Dissociation

Par Christian Guillon - Colloque « Les Arts Trompeurs », 2016, Extraits

Colloque « Les Arts Trompeurs », 2016, Extraits

« .......Une des techniques les plus récentes, les plus innovantes, et les plus prometteuses, la doublure numérique d’acteurs, permet de remplacer les comédiens, pour une scène de cascade par exemple, par une image de synthèse ressemblante et réaliste.  Cette technique procède elle aussi, en dépit de la sophistication des technologies qu’elle met en oeuvre, du principe de dissociation. Il y a en effet, pour fabriquer une doublure numérique d’acteur, des captations à opérer sur la personne réelle.

.....La dissociation des captations qu’on observe dans le processus de fabrication d’une doublure numérique, même si elle procède de technologies parfois innovantes, se situe dans la parfaite continuité des procédures devenues classiques du cinématographe......

.....S’agit-il encore d’un processus de « représentation », dont relevait jusqu’ici la cinématographie basée uniquement sur la prise de vue, ou bien se rapproche-t-on d’un modèle de « reconstruction », plus proche de celui de la production d’un film d’animation, ou même encore d’un processus de « simulation », soit au sens ou l’entendent les scientifiques, soit tel qu’on en trouve dans les parcs d’attraction ?

L’objectif reste de donner à voir une forme en mouvement, un personnage en action, la diction d’un texte, la beauté d’un paysage, comme dans n’importe quel film de fiction avec des acteurs, dans une mise en forme qui soit « photo-réaliste » (et non pas simplement « réaliste »), et dont l’assemblage produise chez le spectateur une émotion.

Dans tous les cas, il est essentiel de souligner que ce processus reste encore aujourd’hui du domaine du cinéma : on enregistre des phénomènes du réel que l’on passe à travers le filtre d’un point de vue de créateur, puis on le restitue au spectateur sous forme d’images et de sons. Ce n’est ni plus ni moins que ce que le cinéma propose depuis qu’il existe.

Les différences avec le cinéma tel que nous le connaissions tiennent à la nature de la ou des captations et des enregistrements.
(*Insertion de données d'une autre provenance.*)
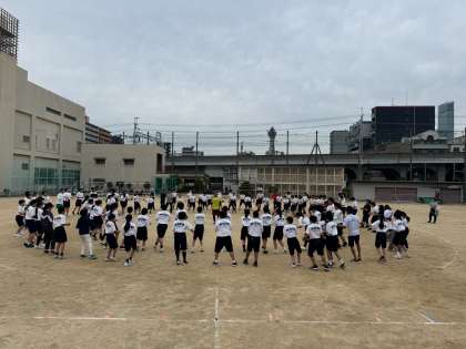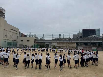 全校生徒で行う集団演技の練習に取り組んでいます。
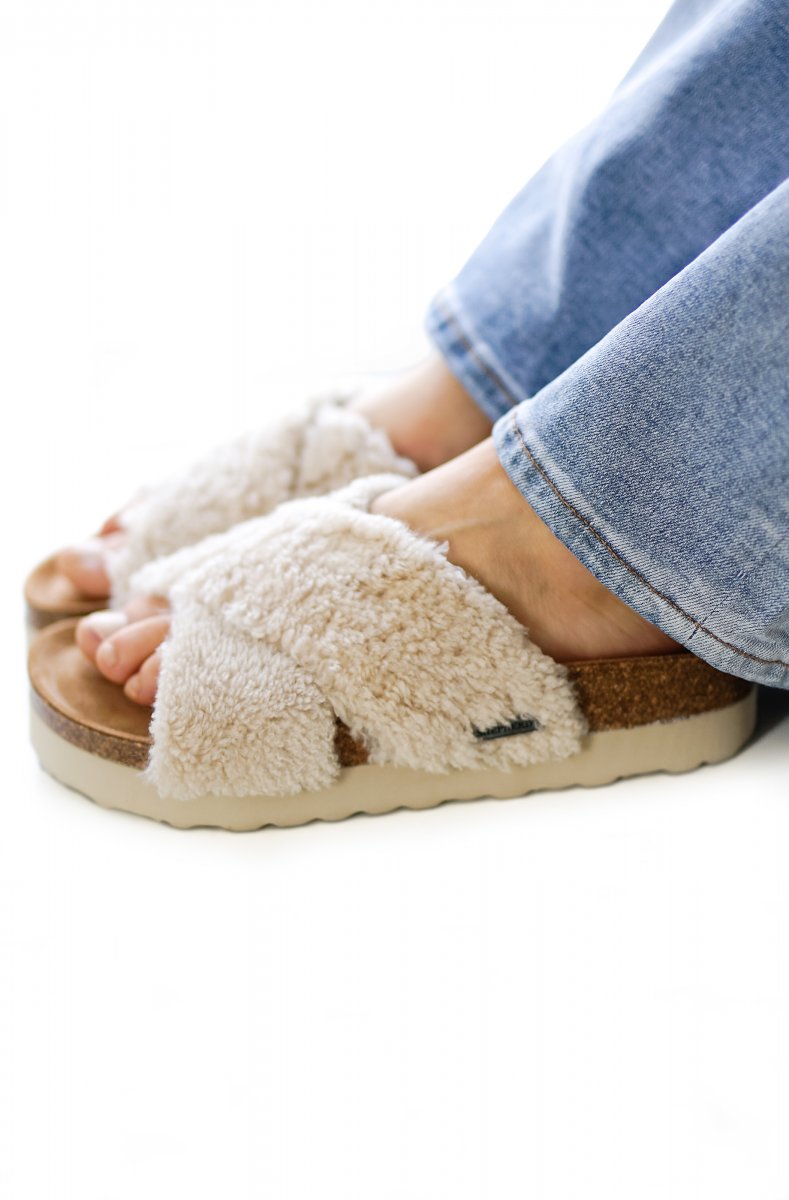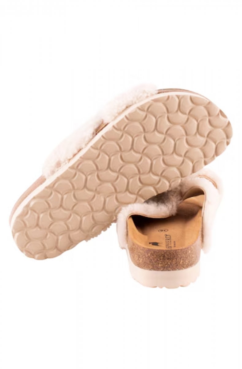 Shepherd Elsa. A pair of sandals with wide, cross-over straps in genuine sheepskin with an open toe. The foot-shaped cork sole is covered in suede to help the sandals breathe naturally. Rubber ribbed outer sole for a light and cushioned sandal.

Dans le cas de la doublure numérique d’acteurs, ainsi que dans de nombreuses techniques à venir, outre le principe de captations dissociées, ces enregistrements ne sont plus photographiques, ils sont purement informatiques.
Cette capacité nouvelle d’enregistrer une forme, une texture, une gestuelle, par des moyens et sur des supports purement informatiques, a, d’ors et déjà, ouvert un champ d’applications considérable.

Car il est probable que dans un avenir plus ou moins proche, le principe de dissociation à l’œuvre ne conduise le cinéma plus loin encore, et cette fois sans doute hors du champ traditionnel de la représentation, bousculant tous les codes auxquels nous sommes attachés, comme la présence de l’auteur dans son œuvre à travers son point de vue.
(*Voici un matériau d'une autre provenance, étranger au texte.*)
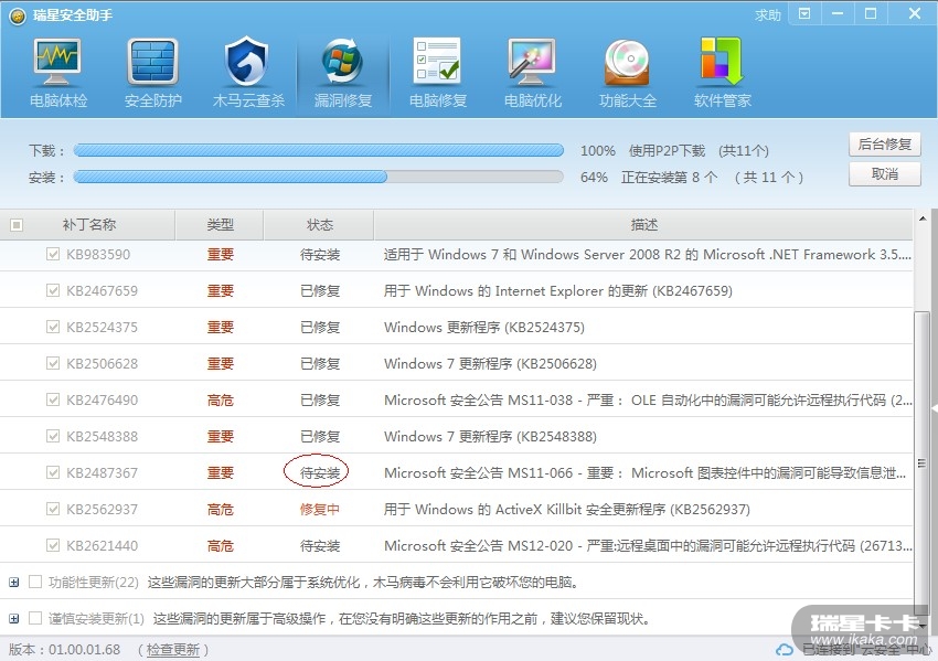 说明:在等待安装补丁的时候,我觉得应把“待安装”修改为“等待安装”的字样
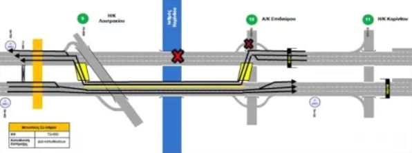 Σύμφωνα με απόφαση της Διεύθυνσης Αστυνομίας Κορινθίας για το διάστημα που θα ισχύουν οι κυκλοφοριακές ρυθμίσεις στην περιοχή δεν θα λειτουργεί η είσοδος του κόμβου Επιδαύρου (ΧΘ 76,4) στο ρεύμα προς Αθήνα. Όσοι θέλουν να εισέλθουν στον αυτοκινητόδρομο μέσω του συγκεκριμένου κόμβου με προορισμό την Αθήνα θα κατευθύνονται με τη σχετική πληροφοριακή σήμανση προς τον προηγούμενο κόμβο Κορίνθου (ΧΘ 81,1), θα κάνουν αναστροφή και θα εισέρχονται στον αυτοκινητόδρομο (κόκκινη διακεκομμένη γραμμή), ενώ τα ελαφρά οχήματα (<3Τ) μπορούν να εξυπηρετούνται και μέσω της βυθιζόμενης γέφυρας των Ισθμίων.

C’est en effet la mise en scène elle-même qui pourra être dissociée en deux étapes, deux actes de mise en scène distincts : la chorégraphie des éléments agissants (personnages, décors), qu’on pourrait appeler « mise en scène » et la chorégraphie des points de vue (caméra), qu’on pourrait appeler « mise en image ».

Cela suppose de procéder à l’enregistrement des parties réelles de la scène (documentaire ou fictionnel) dans toutes leurs dimensions et dans toute leur profondeur.
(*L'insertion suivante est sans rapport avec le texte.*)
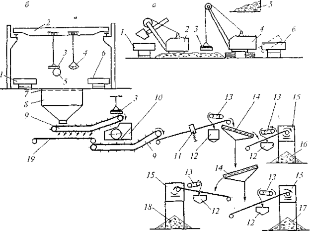 а — узел приемки шлака (1-думпкар для отсепарирования шлака, 2 — экскаватор; 3 – грузоподъемный электромагнит, 4 - дизель-электрический кран, 5— закрома для скрапа; о — думпкар исходного шлака); б - узел дробления и сортировки шлака (1 - думпкар для подачи шлака; 2 - грейфсрный кран; 3 - грузоподъемный электромагнит, 4 - грейфер; 5 - груз; 6- думпкар для скрапа; 7 - колосниковая решетка с ячейкой 500 х 500 мм; 8 - бункер для исходного шлака, 9- пластинчатый питатель; 10 - дробилка; 11 - конвейерные весы; 12 -бункер для скрапа; 13 - навесной железоотделитель, 14 - инерционный грохот; 15 - галерея, 16 - склад щебня фракции > 40 мм; 17 - склад щебня фракции 10 - 40 мм; 18 - склад щебеночно - песчаной смеси фракций 0 - 10 мм; 19 - конвейер для просыпи).
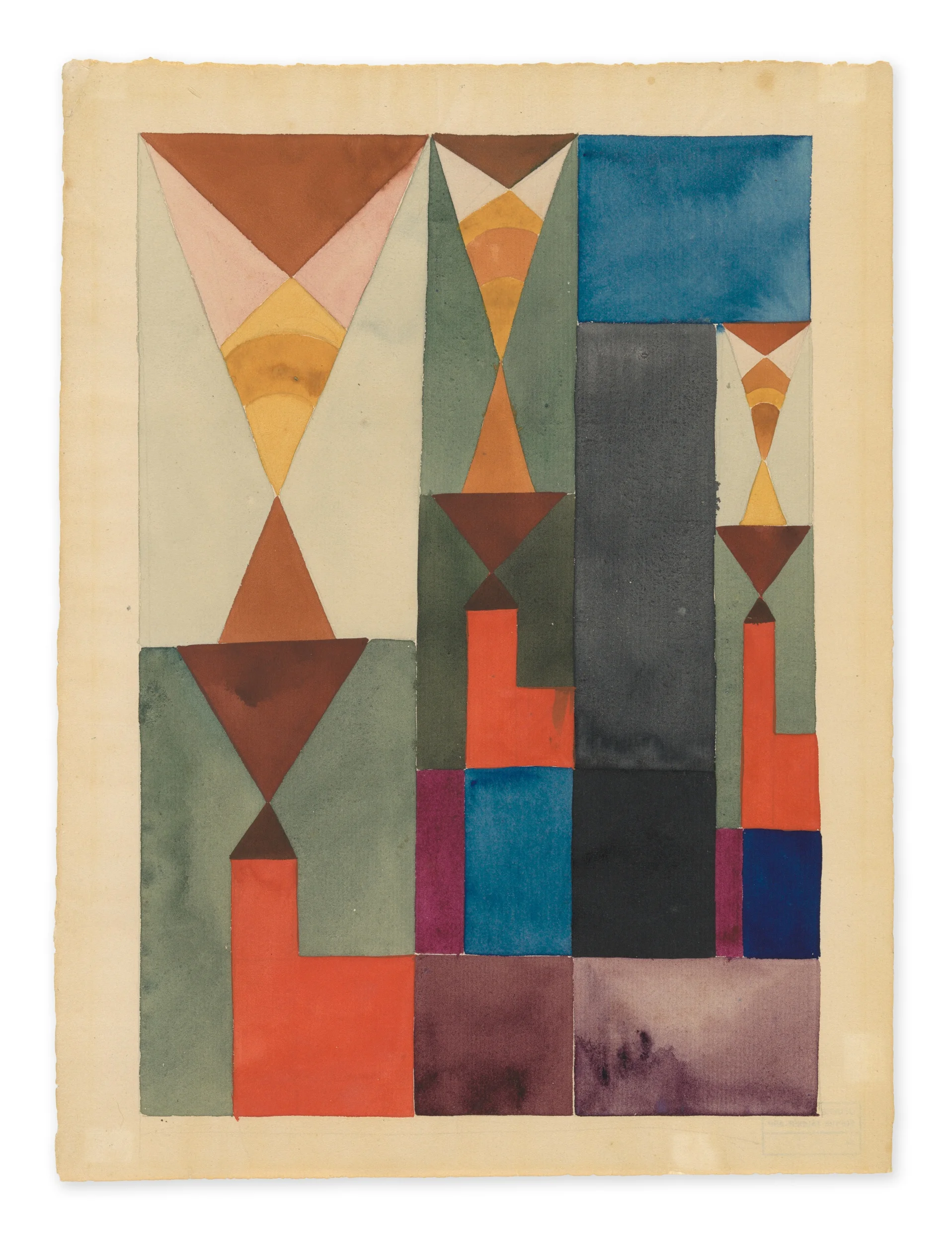Sophie Taeuber-Arp: Vertikal-horizontale Komposition mit gegenseitigen Dreiecken, 1918, Wasserfarbe auf Papier, 31.1 x 23.4 cm; Kunstmuseum Basel – Stiftung Arp e.V., Berlin; Foto: © Alex Delfanne

Cet enregistrement pourra être unique et « exhaustif » si le réel constitue le principal de la scène, ou être lui-même « dissocié » en plusieurs enregistrements partiels séparés, qui injecteront des composantes réalistes dans une scène virtuelle principalement composée d’éléments calculés.

Dans tous les cas, cette scène virtuelle exhaustive deviendra un nouveau matériau brut sur lequel pourront s’exercer les opérations de « mise en image », par un ou plusieurs réalisateurs (voire directement par le spect-acteur), adaptées par exemple à plusieurs médias différents.

Cette approche pourrait également être vue comme la globalisation de pratiques déjà existantes qui tendent à déporter vers la post-production des tâches habituellement effectuées au tournage (et réciproquement), dans un processus général de déplacement de la position de l’auteur, de sa dilution dans le collectif de production, voire même de sa disparition. »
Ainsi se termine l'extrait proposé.